A move announced recently by Mexican diplomats may be a precursor of what could be happening in the coming months with the trading of major commodities involving the country’s trade war talks with the U.S.
The Mexican ambassador in Brasilia, Eleazar Velasco Navarro, promised that his country would allow rice imports from Brazil in an agricultural fair in Rio Grande do Sul. Rice growers associations in Brazil already give the entrance to the Mexican market as certain and say that only a “a few details lack.”
In 2015, Mexico harvested 158,350 tons of rice, which is 80.4% less than 30 years ago.
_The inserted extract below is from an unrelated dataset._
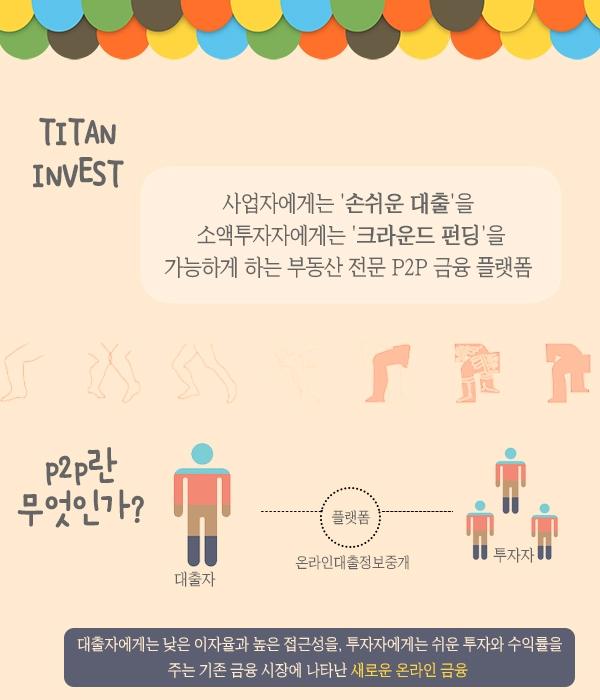 A. P2P는 금융기관을 거치지 않고 온라인 플랫폼에서 개인들끼리 직접 돈을 빌려주고 빌리는 '개인과 개인 간(Peer to Peer)' 대출을 의미 합니다. 그 중에서도 부동산 P2P는 부동산 개발사업 등의 건축자금이 필요한 대출자와 투자자들을 연결시켜 주는 부동산 전문 P2P 금융 서비스를 의미하죠. 타이탄인베스트(사장 금정섭)는 P2P 중개업체로 웹사이트나 모바일 앱을 개설해 대출자와 투자자를 연결해 주는 역할을 하고 있습니다.
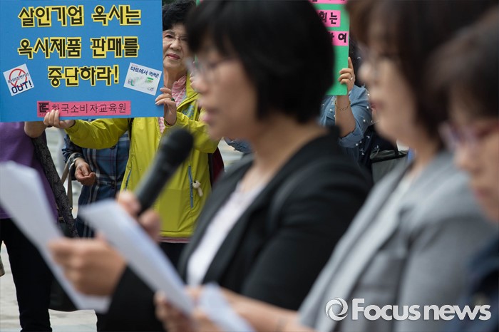 (서울=포커스뉴스) 24일 오후 서울 용산구 이마트 용산역점 앞에서 소비자단체들이 옥시 가습기 살균제 피해에 대한 사과와 보상, 옥시제품 유통업체에서 철수를 촉구하며 기자간담회를 갖고 있다.

In this period, consumption has grown from 850,000 tons to 1.1 million metric tons, with most imports coming from the U.S. Brazil is a major player in rice production with 11.8 million metric tons, while the U.S. produces over 8 million metric tons annually.
Also happening: Mexican authorities announced that lemon imports from Argentina are just “a step away” from being permitted, in another setback for U.S. farmers with an estimated 10,000 tons less of California lemons sent into Mexico.
For Mike Zuzolo, president of Global Analytics & Consulting, this topic will become hotter for grain observers in the next 30 days, especially until it is known how fast U.S. corn planting goes. In his opinion, Mexico is trying to show its cards in the case of the Trump administration imposing a border tax.
“My sense is that Mexico would like to have a plan of action ready in case the border import tax takes on a more serious tone from the Trump administration. However, I am of the view, as an analyst speaking to clients, that the blockage and resistance President Trump is feeling on health care is a good indication of how difficult it will be for him to move more aggressively against our trading partners,” Zuzolo said.
Mexican analyst Alfonso García Araneda, general director of Gamaa Derivates in Mexico City, says it’s still important to know how big the South American crop will be in order to know if there will be imports of corn from Brazil or Argentina. “A massive harvest in South America, particularly from Brazil, added to the appreciation of the dollar will ease and reduce the cost of imports, since the Mexican peso has advanced 15.03% since January,” said Araneda.